## Your instructions
From the line that contains "18K Yellow Gold, Emerald and Diamond Bracelet" down to the final line below, please repeat each line exactly and nothing more, with no pictures.

** Opening Information shown block **

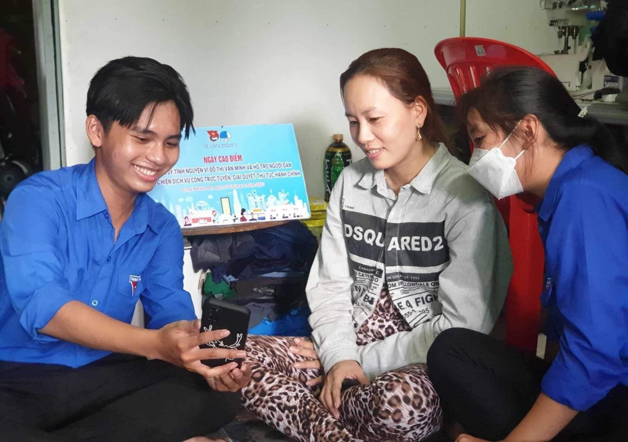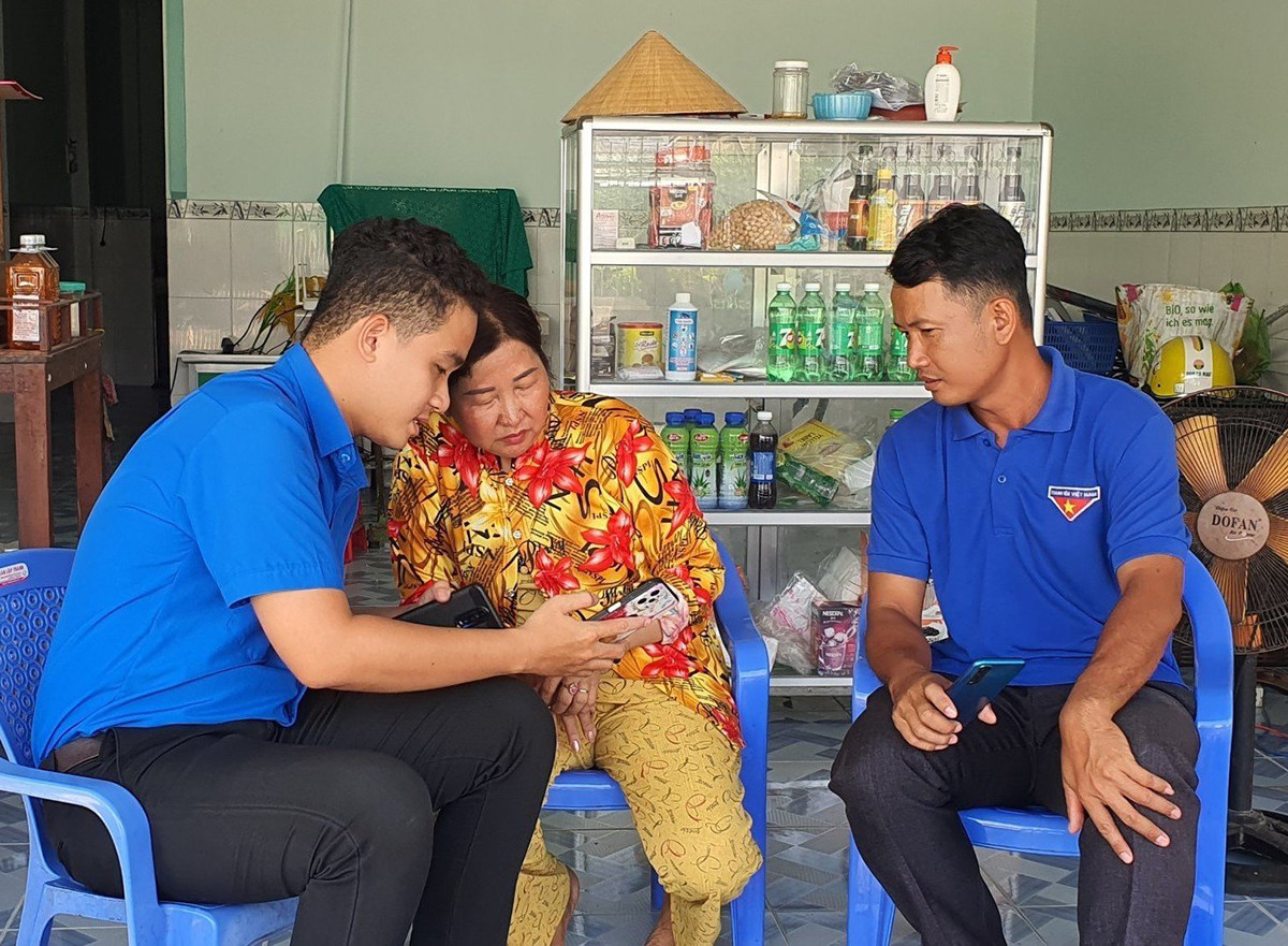 Bà Loan loay hoay không biết nên bắt đầu từ đâu để kích hoạt tài khoản định danh điện tử. Tuy nhiên, những lo lắng, khó khăn của bà Loan được đoàn viên, thanh niên tại địa phương tới tận nhà hỗ trợ bà cùng các thành viên trong gia đình.
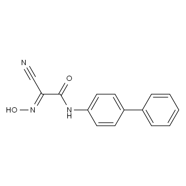 InChI=1S/C15H11N3O2/c16-10-14(18-20)15(19)17-13-8-6-12(7-9-13)11-4-2-1-3-5-11/h1-9,20H,(H,17,19)/b18-14+
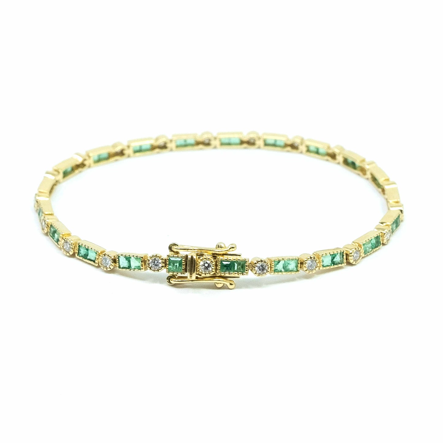18K Yellow Gold, Emerald and Diamond Bracelet
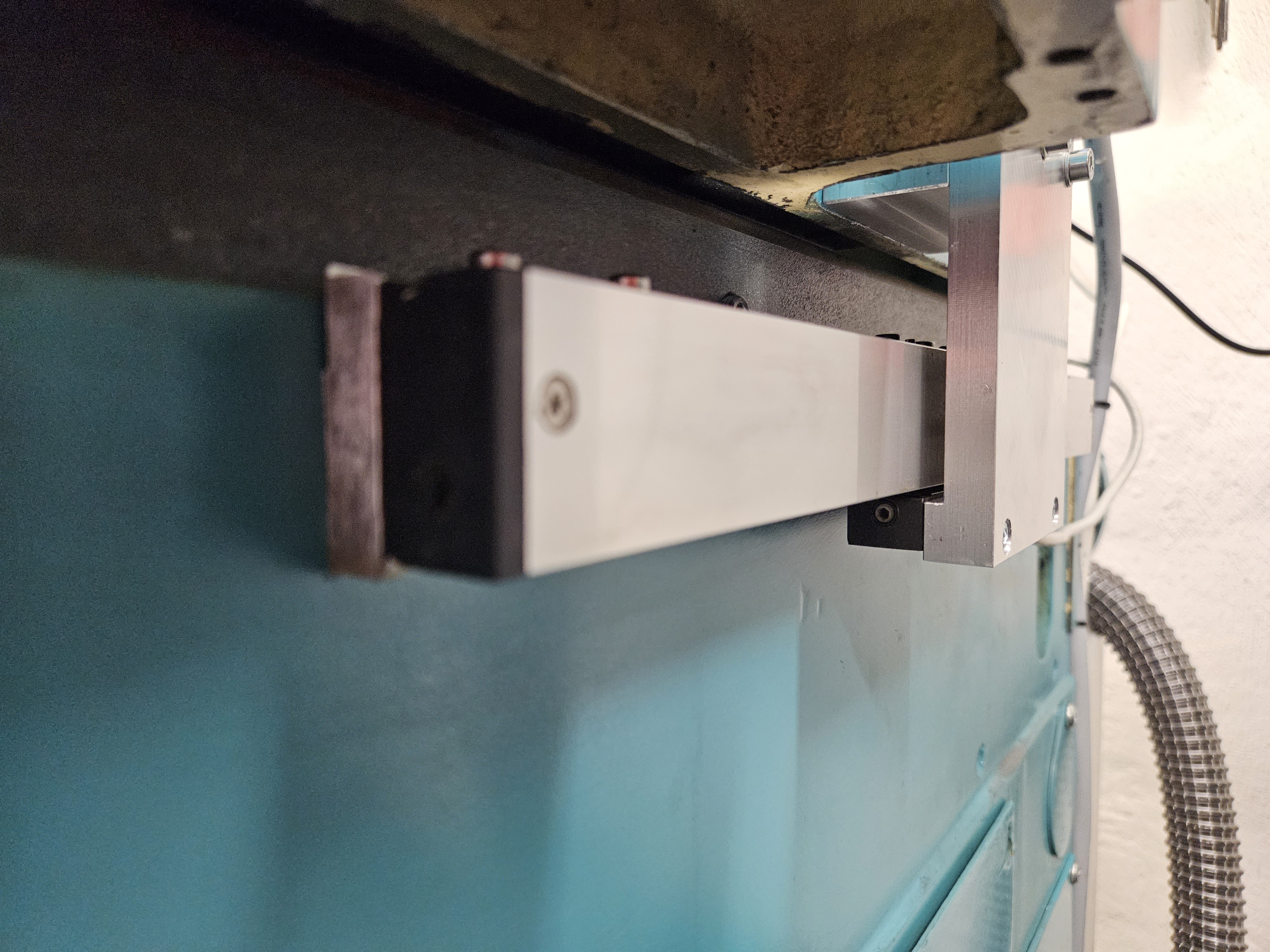 No a zapracoval jsem na DRO, nové hajdňácké pravítko od Honzy, díky, udělal jsem opravdu bytelný držák z dvou kusů aluminia, seřízeno na stovkové hodinky a spároměrky. No a jede to

** Closing Information shown block **

## Output of the exercise
18K Yellow Gold, Emerald and Diamond Bracelet
 No a zapracoval jsem na DRO, nové hajdňácké pravítko od Honzy, díky, udělal jsem opravdu bytelný držák z dvou kusů aluminia, seřízeno na stovkové hodinky a spároměrky. No a jede to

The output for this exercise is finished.